Вконец лишившись способности складывать из мельтешащих в подкорке слов слова другие – более долгие, осмысленные и сложные, – Уэльс, остервенело демонстрируя свой последний удар и всю безнадежность неподвластного контролю норова, насупился, с тихим рычащим фырком отвернулся, украдкой наблюдая – все из-под той же отросшей челки, – как Рейнхарт, трезво принимающий творящийся цирк за очередной скотский выеб, скоропостижно мрачнеет лицом, пока, благо, не распуская рук и глухо возвращаясь к коптящимся пучкам да тычинкам.
С этого мальчишка, заторможенно сообразивший, что именно роспуска рук он тут, оказывается, и дожидался, разбеленился еще больше, задыхаясь заползавшим по скрючившимся пальцам неуютом цвета индийской хны, рисующим на коже ржавые отметки-менди. Не зная, что сделать и каким способом привлечь отстранившееся внимание заткнувшегося как назло незатыкаемого человека, неуверенно потянулся и взял со стола плитку чужого черного шоколада, который никогда не любил. Принюхался к запаху румяных апельсиновых корочек, повертел, поковырял, пытаясь разобрать, что находится внутри, ногтями, но, отломив кусок, все-таки принялся без аппетита тот пережевывать, надеясь, что Рейнхарт скажет что-нибудь хотя бы теперь…

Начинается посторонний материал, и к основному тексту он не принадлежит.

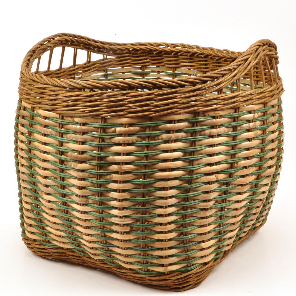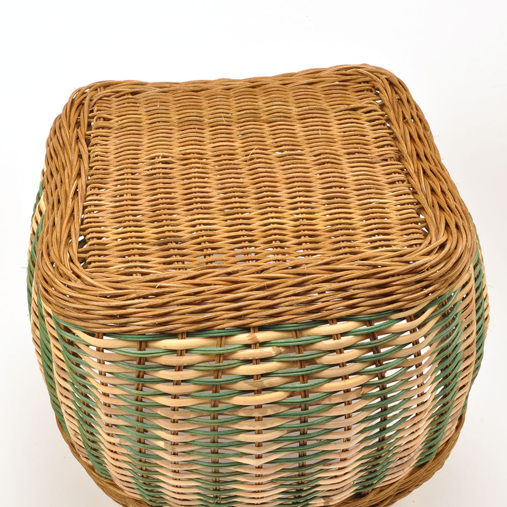 Firkantet opbevaringskurv af vikkelsjener og peddigrør.

Однако тот, продолжая бережно пропускать между пальцев чертовы стебли-ягоды-лепестки – теперь он отделял подпаленные почерневшие плоды, истекающие красной влагой, от скукожившихся лепестков, раскладывал те на две кучки, растирал остатками сока прах бутонов и все это раскатывал по блюдцу, – лишь бросил в сторону беснующейся рыбины, а не Уэльса, ленивый задумчивый взгляд…
И что-то внутри Юа, бросившись в петлю болтающегося в ванной покойника и издохнув, окончательно подорвалось.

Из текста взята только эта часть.